*** Begin section ***

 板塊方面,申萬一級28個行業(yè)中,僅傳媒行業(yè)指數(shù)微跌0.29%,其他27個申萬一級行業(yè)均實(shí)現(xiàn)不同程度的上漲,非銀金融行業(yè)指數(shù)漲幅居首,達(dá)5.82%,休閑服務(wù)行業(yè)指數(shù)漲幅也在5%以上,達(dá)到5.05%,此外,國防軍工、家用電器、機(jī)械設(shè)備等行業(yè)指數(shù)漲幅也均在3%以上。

*** End section ***
*** Begin section ***

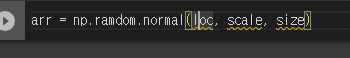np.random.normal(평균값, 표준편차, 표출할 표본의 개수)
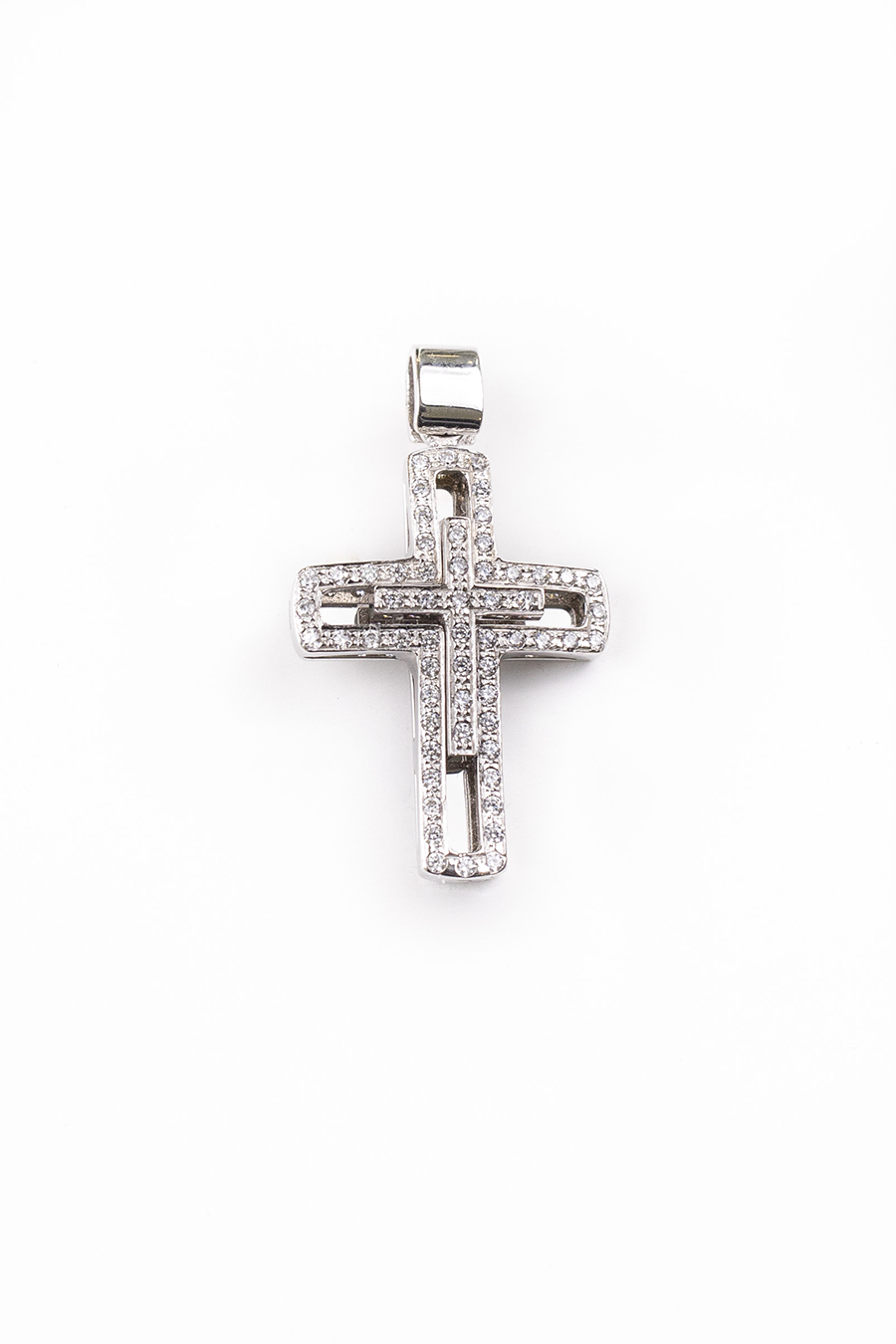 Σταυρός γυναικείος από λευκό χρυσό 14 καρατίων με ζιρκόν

*** End section ***

▶ [WORK REQUIRED] Look above for the line with "np.random.normal(평균값, 표준편차, 표출할 표본의 개수)" and the line with "Σταυρός γυναικείος από". Give again exactly those two lines and all lines between them, pictures excluded.

▶ [RESPONSE AREA]
np.random.normal(평균값, 표준편차, 표출할 표본의 개수)
 Σταυρός γυναικείος από λευκό χρυσό 14 καρατίων με ζιρκόν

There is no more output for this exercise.